Sorry for such a late resurrection but let me add this for the googlers coming here after 15+ years! :)

When I tried to use the feature for a PNG file (for which an "Edit" shell command was not defined on my computer), it showed me a file selector to pick a .exe. So I'm guessing Tortoise tries to find and trigger the Edit shell command for the file type, and if one is not available, it lets you pick up an editor application - haven't tested, and couldn't find relevant doc unfortunately)

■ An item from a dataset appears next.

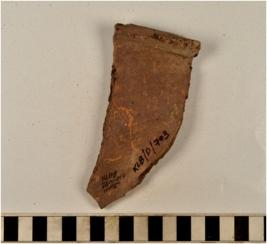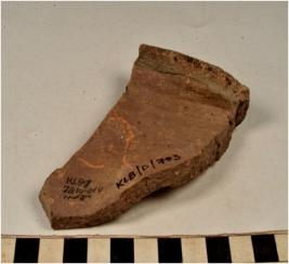 | Description / विवरण | A potsherd of red ware rough and cracked surface, ill fired object. |

(Feature was added probably(?) in version 1.5.0-alpha1 according to ChangeLog).

Upvotes: 0

Serve
Serve

Reputation: 99

You have a file single.txt you want to commit.

The right procedure is :

cd /path/destination_directory
svn up
svn commit single.txt -m "Insert here a commit message"

Hope this will help.

Upvotes: 1

SteveW
SteveW

Reputation: 121

This is possible with TortoiseSVN, but you must checkout the parent directory as well:

  1. Create a working copy of the directory with no contents (use checkout depth "Only this item")
  2. Click on the new working copy and right click to select the repository browser (TortoiseSVN -> Repo-browser)
  3. Right click the file of choice in the repository browser and select "Update item to revision"

Upvotes: 2

Nuno Furtado
Nuno Furtado

Reputation: 4568

AFAIK you cannot get a copy of a single file from SVN, a working copy is always a directory. So you will need to check out a whole folder in order to edit the file in question and then commit.

This was the case some time back (less than 3 months) and I doubt it has changed since then.

Upvotes: 5

Daniel A. White
Daniel A. White

Reputation: 191048

  1. Right click in Windows Explorer where you want a working copy.
  2. Choose Check Out. It might be in TortoiseSVN's menu.
  3. Enter the URL and accept to get a working copy.
  4. Make the change to the file.
  5. Right click in the working copy. Choose commit.

OR

Refer to Stack Overflow question Checkout one file from Subversion.

Upvotes: 3

ojrac
ojrac

Reputation: 13421

To check out a single file, you'll still need to check out its parent directory. From the command line, to check out https://svn.example.com/trunk/myfolder/index.html:

svn co https://svn.example.com/trunk/myfolder/ --depth empty
svn up myfolder/index.html

Now, you can edit and commit this file as usual, without checking out anything else.

TortoiseSVN also includes "checkout depth" in its svn checkout menu option; however, I don't know of a way to make Tortoise do svn up filename on a file that doesn't exist.